In the classic Decline and Fall of the Roman Empire by Edward Gibbons, we find these words in chapter 2: ""The various modes of worship, which prevailed in the Roman world, were all considered by the people, as equally true; by the philosopher, as equally false; and by the magistrate, as equally useful." Gibbons, of course, could have written these words yesterday for the New York Times and we would still nod in understanding.

Perhaps, this is why we have seen a veritable rebuilding of Rome in film and in fascination in recent years. We have now moved into a time period in American history where we are not only seeing the global influence of the United States brought into question or doubt, but also the global dominance of the United States brought under greater scrutiny. And so, the influx of films on Rome may simply serve to feed our fascination with a time period that, frankly, is becoming more and more familiar to us. Rome, a great civilization built upon the backs of an incredibly large military force and amazing technological prowess, was also a society in search of stability. The people longed for the glory years and men like Marcus Aurelius, Augustus Caesar, and Marc Antony served as not only images of power, but as examples to men who would follow. Will there ever be another leader like Caesar? Will we see an alliance the likes of Antony and Cleopatra again? How about a philosopher/leader like Aurelius, does our world still have room for men who would be known more for their ideas than for their charisma?
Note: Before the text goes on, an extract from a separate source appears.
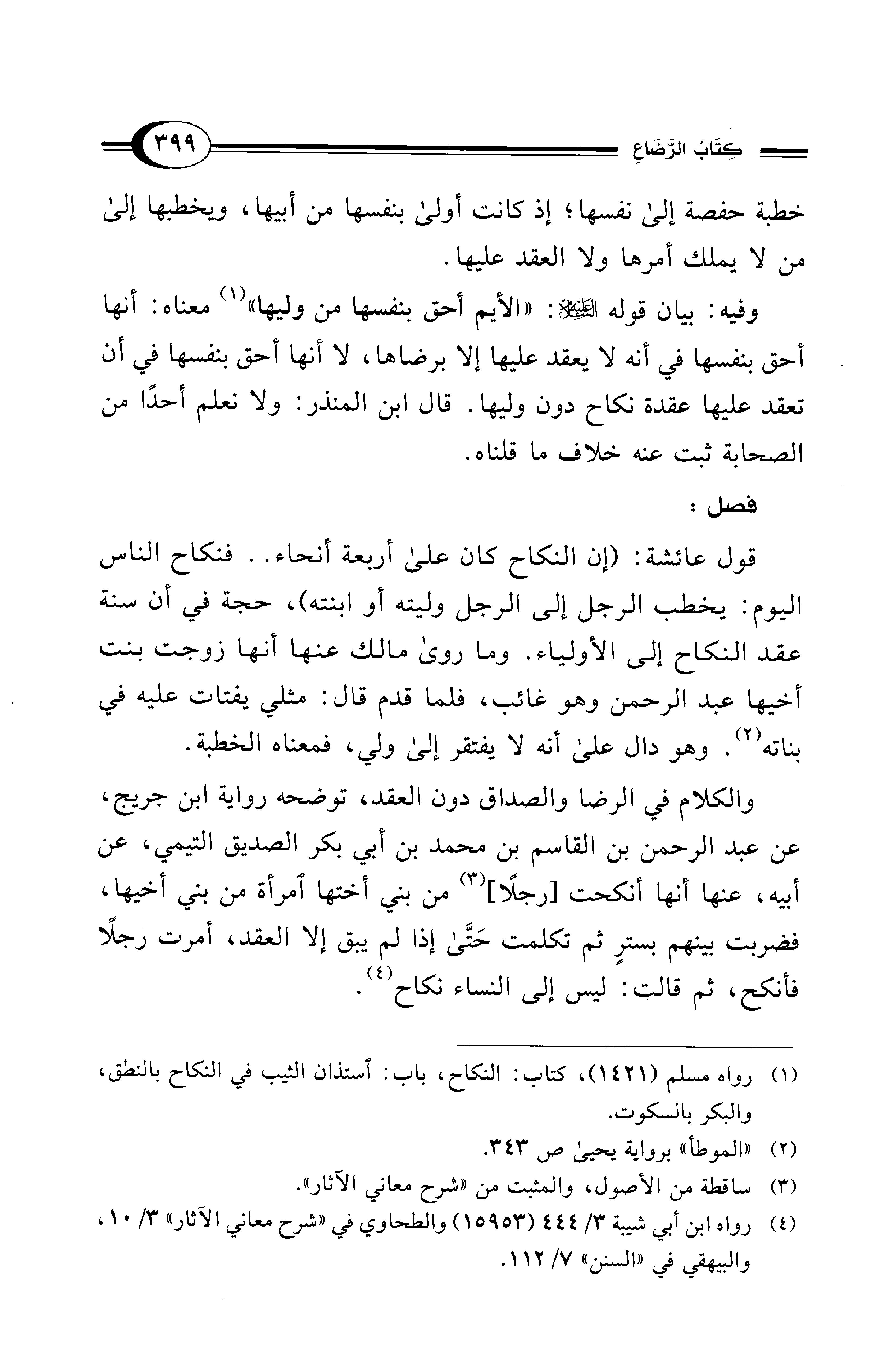 قول عائشة: (إن النكاح كان عَلَى أربعة أنحاء .. فنكاح الناس اليوم: يخطب الرجل إلى الرجل وليته أو ابنته)، حجة في أن سنة عقد النكاح إلى الأولياء. وما روى مالك عنها أنها زوجت بنت أخيها عبد الرحمن وهو غائب، فلما قدم قال: مثلي يفتات عليه في بناته (¬2). وهو دال على أنه لا يفتقر إلى ولي، فمعناه الخطبة.

This past weekend, a new series entitled Spartacus premiered to rave reviews on the Starz network. This comes on the heels of the great success in recent years of films like Gladiator and 300. This also follows the acclaimed HBO series Rome, which I confess hooked me rather quickly. And I confess, I am caught up in the resurgence of the Roman Empire. Yet, I wonder how long this will last?

Most of the contemporary versions of Rome, unlike previous takes, are able to push the envelope and actually display graphic violence, sexually explicit material, and a raw spirituality, that was previously intolerable for well meaning people to watch. But, not only are we able to see Rome in all of its power and profanity, but we are also able to experience a Rome that elicits in us a longing for men and women who would rise above the masses and fight for something bigger than themselves. Part of the glory of Rome isn't even real; part of the glory of the Roman empire remains the mystique of it, the mystery of it. Part of the decline of Rome historically and its resurgence cinematically is found not only in the annals of world history, but in the recesses of our own imaginations. And so, I wonder if the mystique of the United States is starting to decline and thus our fascination with Rome is begining to rebuild and rekindle in us a longing for a civilization that is seen not only as great, but truly epic in scope.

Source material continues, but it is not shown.